You are here:  Experts > Health/Fitness > Dentistry > Dentistry > chin numbness

Dentistry - chin numbness


Expert: Mark Bornfeld DDS - 2/21/2009

Question
I had a really bad toothache on a tooth that already had root canal surgery done on it four years ago.  Two days after the pain I had a swallon face and numbness in my chin.  I had the tooth extracted and most of the swellon went away.  I still have a numb chin.  I've had the numb chin for more than 5 weeks.  The oral surgeon did a panoramic x-ray and didn't see any tumors or growths.  He wants me to come back in one month.  Is there any other test that I should do?  I thought the numb chin was isolated to the toothache but it scares me to think it might be someting more series like cancer.

Answer
Dear Tom,

The fact that the onset of the numbness coincided with the acute infection makes it almost 100% certain that the numbness was due to compression of the sensory nerve by the infection, and not some more significant malignancy or neurological disease. However, the persistence of the numbness is not typical, and I suspect that the extraction of the tooth may have superimposed additional injury to the nerve (I'm going to guess that we're talking about a lower premolar, which is most likely to result in this type of persistent numbness due to its proximity to the sensory nerve.)

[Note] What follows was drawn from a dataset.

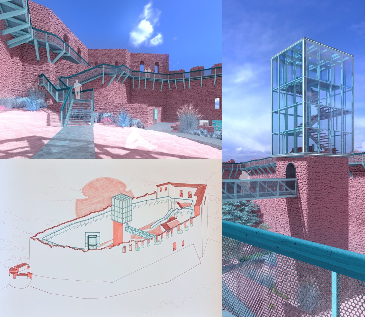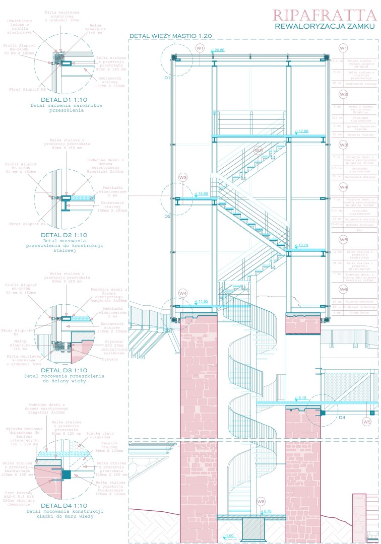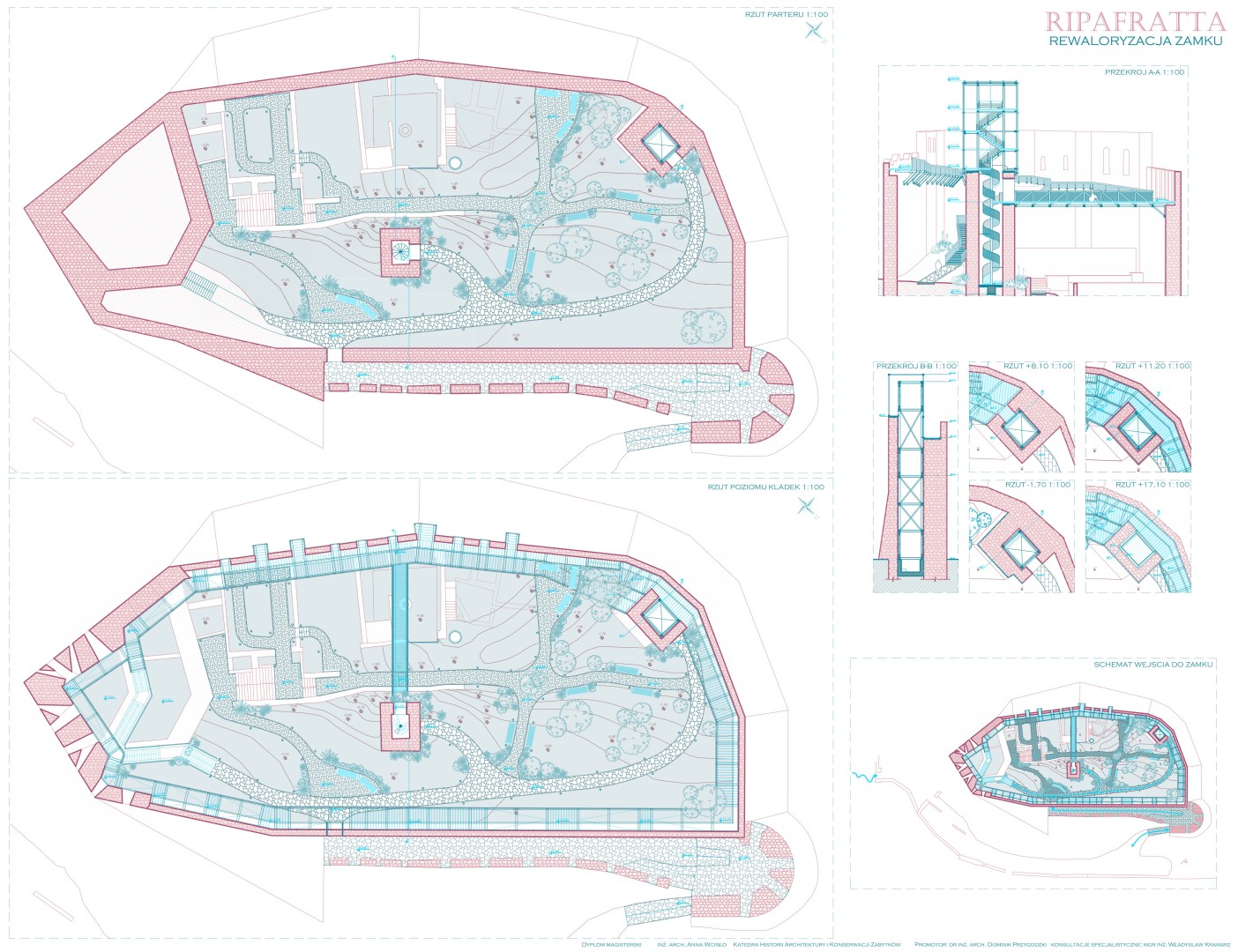 Praca dyplomowa koncentruje się na problematyce ochrony i rewaloryzacji obiektów zabytkowych w kontekście adaptacji zamków europejskich z okresu średniowiecza. Zakres opracowania obejmuje rewaloryzację średniowiecznego zamku Ripafratta (Rocca di San Paolino), zlokalizowanego na wzgórzu Vergario w Toskanii, jednego z istotnych, choć mało znanych obiektów obronnych regionu. Zamek, wznoszony etapami od X do XII wieku, pełnił kluczową rolę strategiczną na pograniczu wpływów Pizy i Lukki, a jego rozwój był ściśle związany z historią wioski Ripafratta oraz systemem rzeki Serchio. Obecnie obiekt znajduje się w stanie trwałej ruiny, jednak dobrze zachowane mury, wieże i relikty zabudowy pozwalają na czytelne odczytanie jego struktury przestrzennej oraz kolejnych faz historycznych. Praca obejmuje analizę historyczną, stratygraficzną i konserwatorską obiektu, a także ocenę jego stanu technicznego i wartości kulturowej. Główną ideą projektu jest ożywienie zamku poprzez udostępnienie go zwiedzającym jako punktu widokowego i rekreacyjnego, z poszanowaniem zasad konserwacji zabytków. Zaproponowano wprowadzenie lekkich, odwracalnych interwencji architektonicznych, takich jak stalowe kładki widokowe na murach, platformy i wieże widokowe, dostosowane również do potrzeb osób z niepełnosprawnościami. Projekt zakłada minimalną ingerencję w historyczną substancję, wykorzystanie materiałów kompatybilnych z zabytkiem oraz zachowanie integralności krajobrazowej wzgórza. Całość rozwiązań ma na celu zabezpieczenie i wyeksponowanie dziedzictwa zamku Ripafratta, nadając mu aktywną rolę kulturową i turystyczną w regionie.
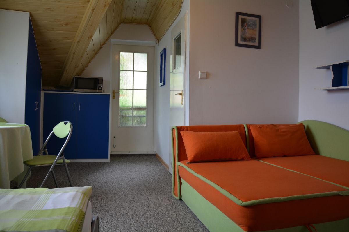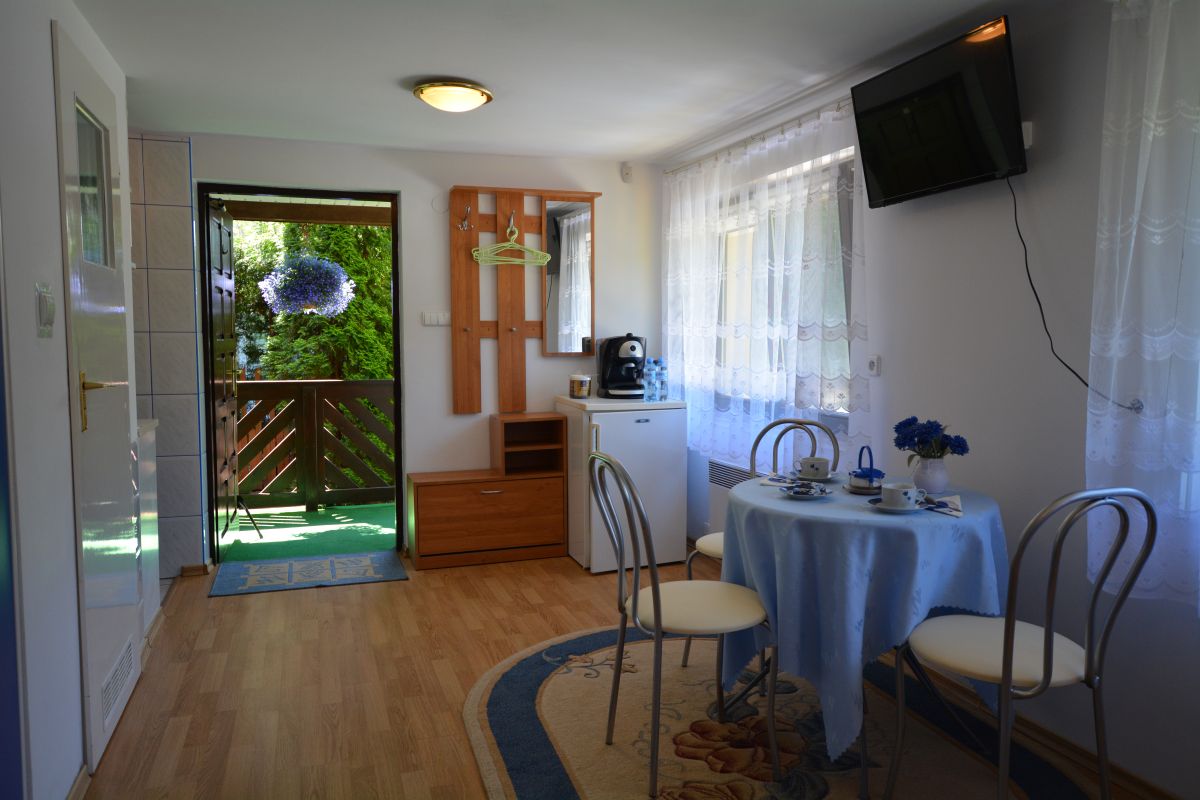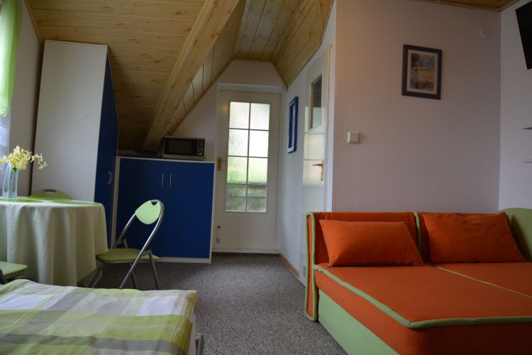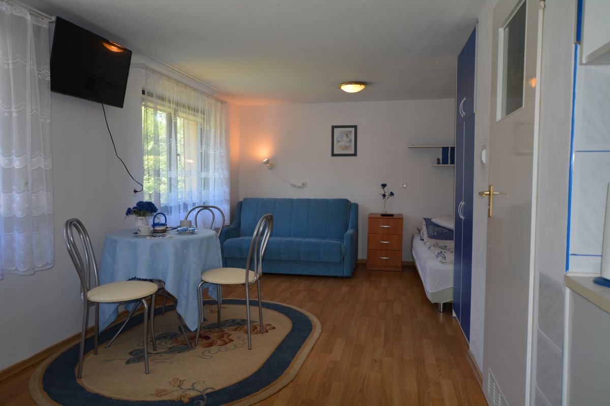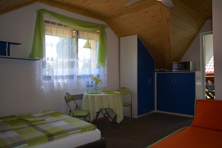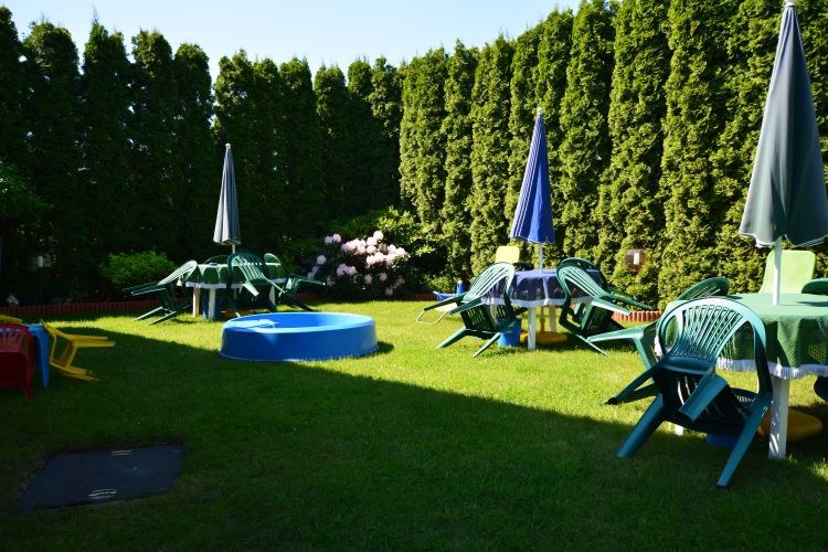 W pensjonacie znajdują się pokoje 2,3,4 osobowe. Pokoje są z balkonami i łazienkami; ktore posiadaja suszarki do wlosow i dozowniki plynu do kapieli i szamponu. Na wyposażeniu znajdują się: TV 32", lodówka, kuchenka mikrofalowa, czajnik, komplet naczyń oraz sprzęt plażowy. Do dyspozycji gości posiadamy również pokoje z aneksami kuchennymi i tarasem, które znajduja się na parterze z bezpośrednim wyjsciem do ogrodu. Pokoje z balkonami w celu schlodzenia pomieszczenia posiadaja wentylatory sufitowe z pilotem.Teren jest wygrodzony, podświetlany lampionami, na którym znajdują się stoły z parasolami, piaskownicą, bujawkami i trampoliną dla dzieci. Dla dorosłych jest huśtawka, grill oraz leżaki. Na miejscu można wypożyczyć rowery górskie. Posiadamy również łącze internetowe, dostępne na terenie całego obiektu. Dla miłośników wędkarstwa znajduja się stanowiska lowieckie w odległości 30m od naszego obiektu. Gwarantujemy wypoczynek w ciszy i spokoju. Ceny w zależności od terminu.

There is no need to employ additional diagnostic tests, because the sequence of events clearly indicates a physical injury to the nerve rather than some undisclosed pathological process. What cannot be predicted, though, is the speed and completeness of recovery of sensory nerve function. The healing of nerve fibers is frustratingly slow, and you may not know whether your sensation will return completely to normal until as much as six months have passed. However, you can relax if your concern is cancer-- it clearly is not.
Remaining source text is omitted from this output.